Try it:
In the listing below, find the line holding "Manage Files application." and the line holding "Subcutaneous Diamorphine Infusion". Write out those two lines and all lines between, exactly, and nothing more.

++++ Working data ++++

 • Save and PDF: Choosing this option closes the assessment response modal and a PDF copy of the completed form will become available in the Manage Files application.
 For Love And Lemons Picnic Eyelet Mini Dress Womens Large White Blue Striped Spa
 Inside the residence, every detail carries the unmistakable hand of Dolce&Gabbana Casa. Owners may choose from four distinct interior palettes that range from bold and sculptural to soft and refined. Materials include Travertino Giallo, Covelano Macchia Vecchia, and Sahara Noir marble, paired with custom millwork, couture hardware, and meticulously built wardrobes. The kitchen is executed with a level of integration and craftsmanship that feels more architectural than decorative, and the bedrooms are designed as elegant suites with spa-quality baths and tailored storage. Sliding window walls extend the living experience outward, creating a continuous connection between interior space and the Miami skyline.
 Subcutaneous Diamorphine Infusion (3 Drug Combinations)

++++
++++ Working data ++++

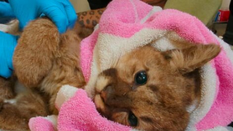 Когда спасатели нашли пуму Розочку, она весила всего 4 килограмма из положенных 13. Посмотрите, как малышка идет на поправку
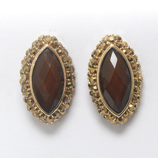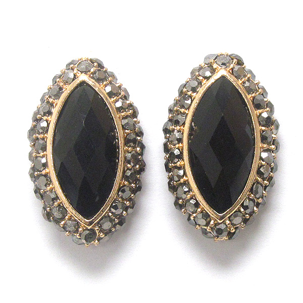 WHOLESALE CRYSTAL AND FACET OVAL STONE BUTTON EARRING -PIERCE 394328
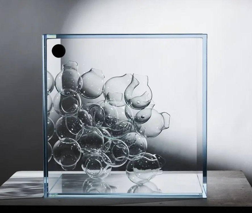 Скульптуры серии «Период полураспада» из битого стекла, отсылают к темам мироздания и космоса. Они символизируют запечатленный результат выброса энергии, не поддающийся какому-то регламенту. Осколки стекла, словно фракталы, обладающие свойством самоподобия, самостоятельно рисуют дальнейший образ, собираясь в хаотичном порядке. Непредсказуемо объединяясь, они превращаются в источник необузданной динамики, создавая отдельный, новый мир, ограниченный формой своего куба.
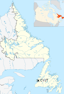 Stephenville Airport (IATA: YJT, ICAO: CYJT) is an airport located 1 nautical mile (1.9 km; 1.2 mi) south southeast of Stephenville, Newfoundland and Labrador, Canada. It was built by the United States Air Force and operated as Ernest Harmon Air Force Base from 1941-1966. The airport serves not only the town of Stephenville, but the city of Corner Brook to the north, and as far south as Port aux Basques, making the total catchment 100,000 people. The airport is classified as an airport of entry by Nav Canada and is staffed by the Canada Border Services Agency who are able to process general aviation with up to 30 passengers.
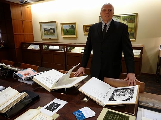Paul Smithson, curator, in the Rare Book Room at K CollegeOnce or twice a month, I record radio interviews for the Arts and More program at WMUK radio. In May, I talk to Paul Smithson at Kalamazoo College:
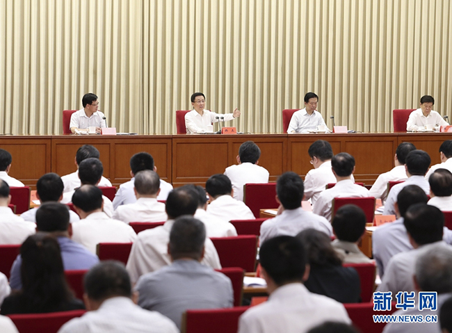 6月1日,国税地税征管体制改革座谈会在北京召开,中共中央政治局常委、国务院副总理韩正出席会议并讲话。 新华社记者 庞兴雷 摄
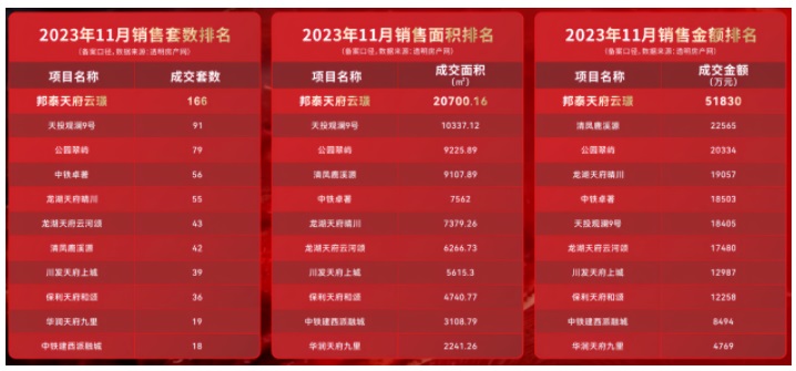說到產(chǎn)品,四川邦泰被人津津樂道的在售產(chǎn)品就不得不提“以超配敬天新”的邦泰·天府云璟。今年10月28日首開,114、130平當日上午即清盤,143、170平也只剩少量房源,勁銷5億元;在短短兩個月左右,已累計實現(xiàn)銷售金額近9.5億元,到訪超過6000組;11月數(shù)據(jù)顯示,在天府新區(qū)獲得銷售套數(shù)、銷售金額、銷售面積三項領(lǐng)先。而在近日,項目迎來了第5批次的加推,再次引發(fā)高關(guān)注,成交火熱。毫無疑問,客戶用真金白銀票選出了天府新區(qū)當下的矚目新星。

++++

Your solution:
 • Save and PDF: Choosing this option closes the assessment response modal and a PDF copy of the completed form will become available in the Manage Files application.
 For Love And Lemons Picnic Eyelet Mini Dress Womens Large White Blue Striped Spa
 Inside the residence, every detail carries the unmistakable hand of Dolce&Gabbana Casa. Owners may choose from four distinct interior palettes that range from bold and sculptural to soft and refined. Materials include Travertino Giallo, Covelano Macchia Vecchia, and Sahara Noir marble, paired with custom millwork, couture hardware, and meticulously built wardrobes. The kitchen is executed with a level of integration and craftsmanship that feels more architectural than decorative, and the bedrooms are designed as elegant suites with spa-quality baths and tailored storage. Sliding window walls extend the living experience outward, creating a continuous connection between interior space and the Miami skyline.
 Subcutaneous Diamorphine Infusion (3 Drug Combinations)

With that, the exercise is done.